Prompt | Restate every record exactly as it is written, while omitting the pictures it holds.

Dataset records |
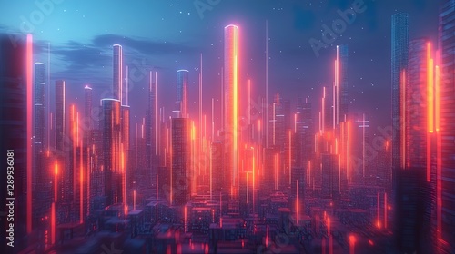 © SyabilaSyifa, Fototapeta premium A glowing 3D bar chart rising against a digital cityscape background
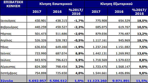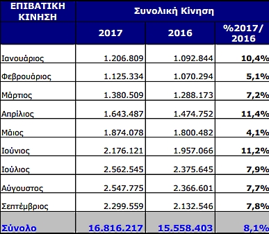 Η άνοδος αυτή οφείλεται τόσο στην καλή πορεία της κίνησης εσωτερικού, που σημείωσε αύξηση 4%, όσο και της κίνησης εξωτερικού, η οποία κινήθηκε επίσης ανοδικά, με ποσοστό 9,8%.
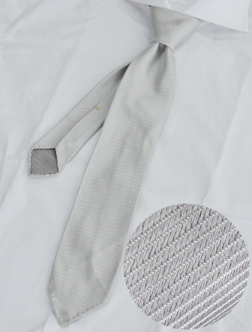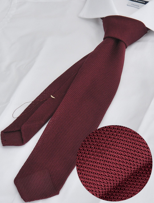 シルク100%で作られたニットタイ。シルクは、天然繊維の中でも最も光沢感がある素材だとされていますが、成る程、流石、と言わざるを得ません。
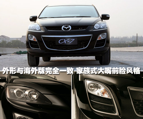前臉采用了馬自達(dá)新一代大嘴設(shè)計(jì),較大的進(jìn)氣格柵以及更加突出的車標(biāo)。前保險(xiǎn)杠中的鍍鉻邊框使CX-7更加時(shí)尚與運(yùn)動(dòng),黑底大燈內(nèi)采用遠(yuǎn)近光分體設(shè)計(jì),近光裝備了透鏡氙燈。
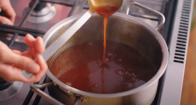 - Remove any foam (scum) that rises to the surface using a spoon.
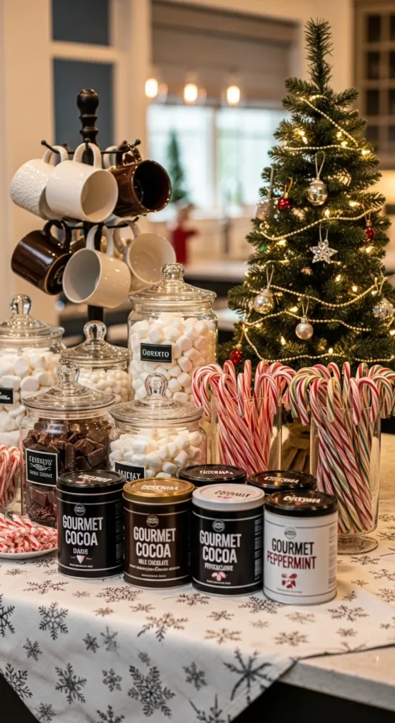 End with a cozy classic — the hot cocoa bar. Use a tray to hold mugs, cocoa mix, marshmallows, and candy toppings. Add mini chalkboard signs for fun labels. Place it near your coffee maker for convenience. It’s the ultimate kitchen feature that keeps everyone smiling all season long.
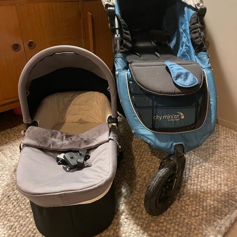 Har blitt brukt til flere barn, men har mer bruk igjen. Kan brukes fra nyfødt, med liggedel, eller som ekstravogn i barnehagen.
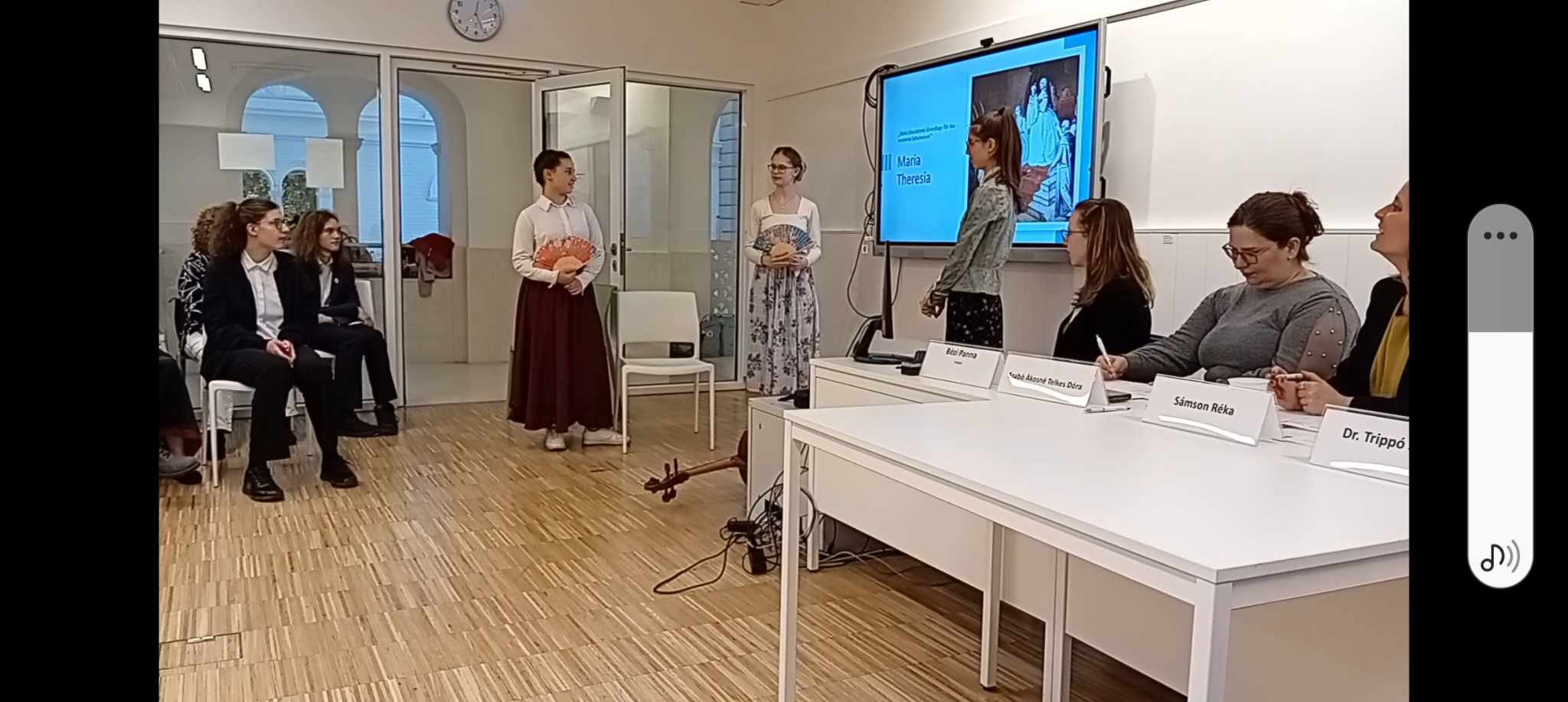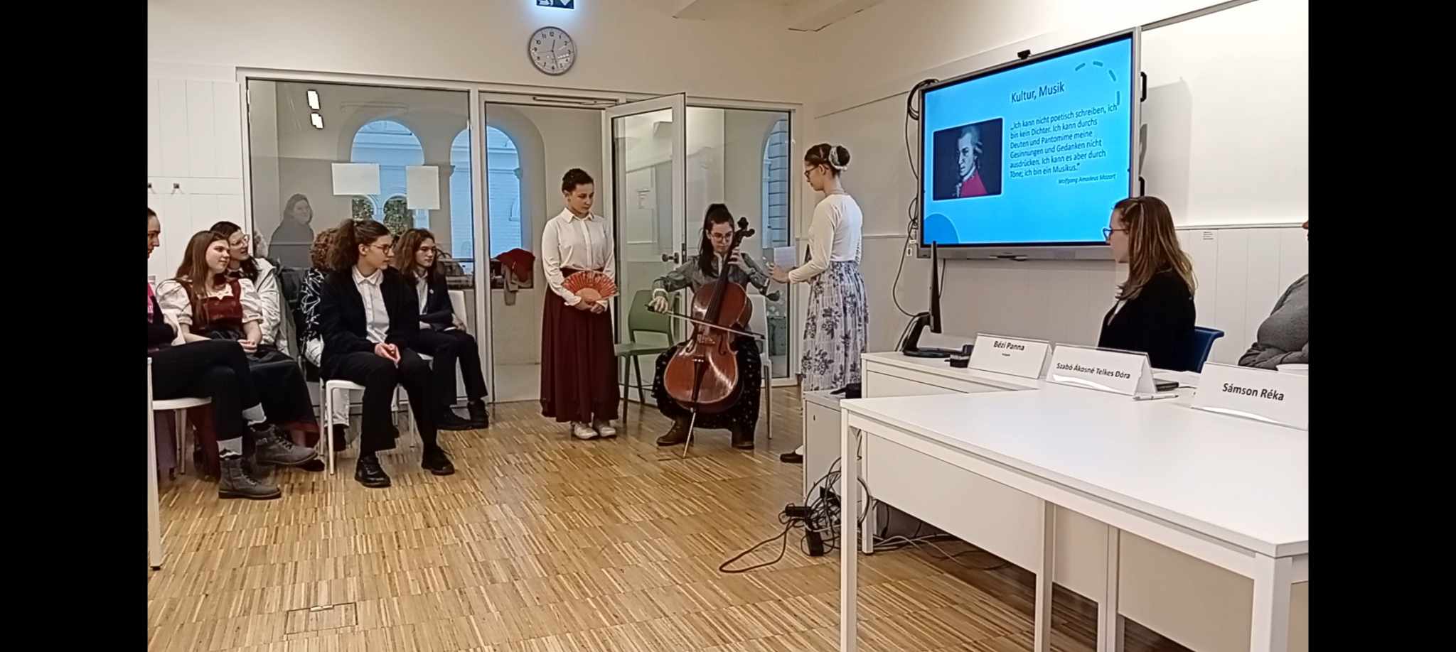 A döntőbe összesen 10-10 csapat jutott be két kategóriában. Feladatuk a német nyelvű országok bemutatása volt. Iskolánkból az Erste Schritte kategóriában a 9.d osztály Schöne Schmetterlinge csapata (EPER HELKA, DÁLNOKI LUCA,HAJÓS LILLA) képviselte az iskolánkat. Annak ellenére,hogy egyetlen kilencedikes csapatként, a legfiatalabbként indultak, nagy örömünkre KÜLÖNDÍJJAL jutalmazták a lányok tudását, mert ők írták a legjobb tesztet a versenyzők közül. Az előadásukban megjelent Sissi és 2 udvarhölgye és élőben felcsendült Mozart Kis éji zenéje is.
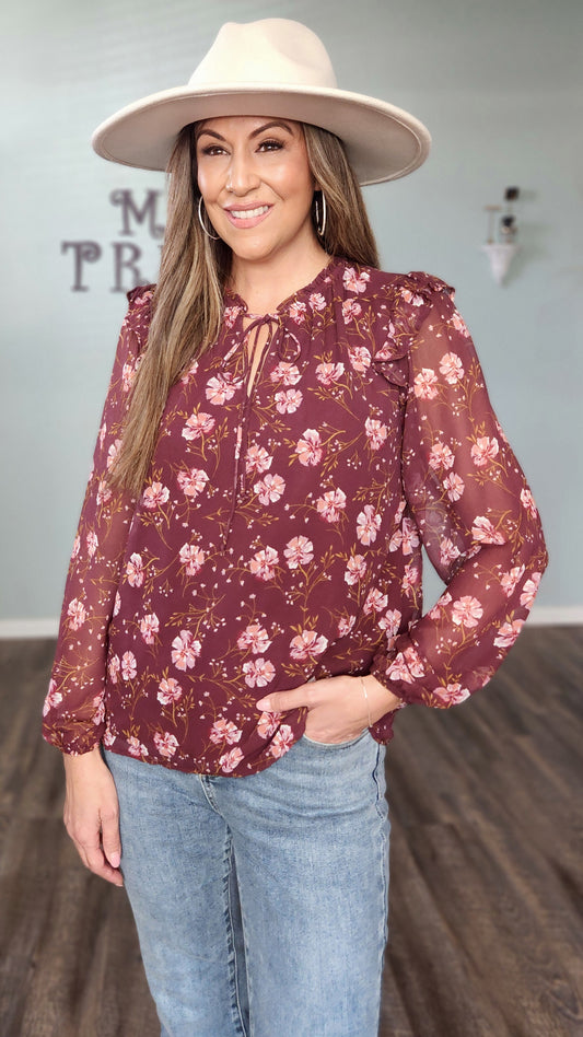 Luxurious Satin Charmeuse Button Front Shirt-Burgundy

Task output |
 © SyabilaSyifa, Fototapeta premium A glowing 3D bar chart rising against a digital cityscape background
 Η άνοδος αυτή οφείλεται τόσο στην καλή πορεία της κίνησης εσωτερικού, που σημείωσε αύξηση 4%, όσο και της κίνησης εξωτερικού, η οποία κινήθηκε επίσης ανοδικά, με ποσοστό 9,8%.
 シルク100%で作られたニットタイ。シルクは、天然繊維の中でも最も光沢感がある素材だとされていますが、成る程、流石、と言わざるを得ません。
前臉采用了馬自達(dá)新一代大嘴設(shè)計(jì),較大的進(jìn)氣格柵以及更加突出的車標(biāo)。前保險(xiǎn)杠中的鍍鉻邊框使CX-7更加時(shí)尚與運(yùn)動(dòng),黑底大燈內(nèi)采用遠(yuǎn)近光分體設(shè)計(jì),近光裝備了透鏡氙燈。
 - Remove any foam (scum) that rises to the surface using a spoon.
 End with a cozy classic — the hot cocoa bar. Use a tray to hold mugs, cocoa mix, marshmallows, and candy toppings. Add mini chalkboard signs for fun labels. Place it near your coffee maker for convenience. It’s the ultimate kitchen feature that keeps everyone smiling all season long.
 Har blitt brukt til flere barn, men har mer bruk igjen. Kan brukes fra nyfødt, med liggedel, eller som ekstravogn i barnehagen.
 A döntőbe összesen 10-10 csapat jutott be két kategóriában. Feladatuk a német nyelvű országok bemutatása volt. Iskolánkból az Erste Schritte kategóriában a 9.d osztály Schöne Schmetterlinge csapata (EPER HELKA, DÁLNOKI LUCA,HAJÓS LILLA) képviselte az iskolánkat. Annak ellenére,hogy egyetlen kilencedikes csapatként, a legfiatalabbként indultak, nagy örömünkre KÜLÖNDÍJJAL jutalmazták a lányok tudását, mert ők írták a legjobb tesztet a versenyzők közül. Az előadásukban megjelent Sissi és 2 udvarhölgye és élőben felcsendült Mozart Kis éji zenéje is.
 Luxurious Satin Charmeuse Button Front Shirt-Burgundy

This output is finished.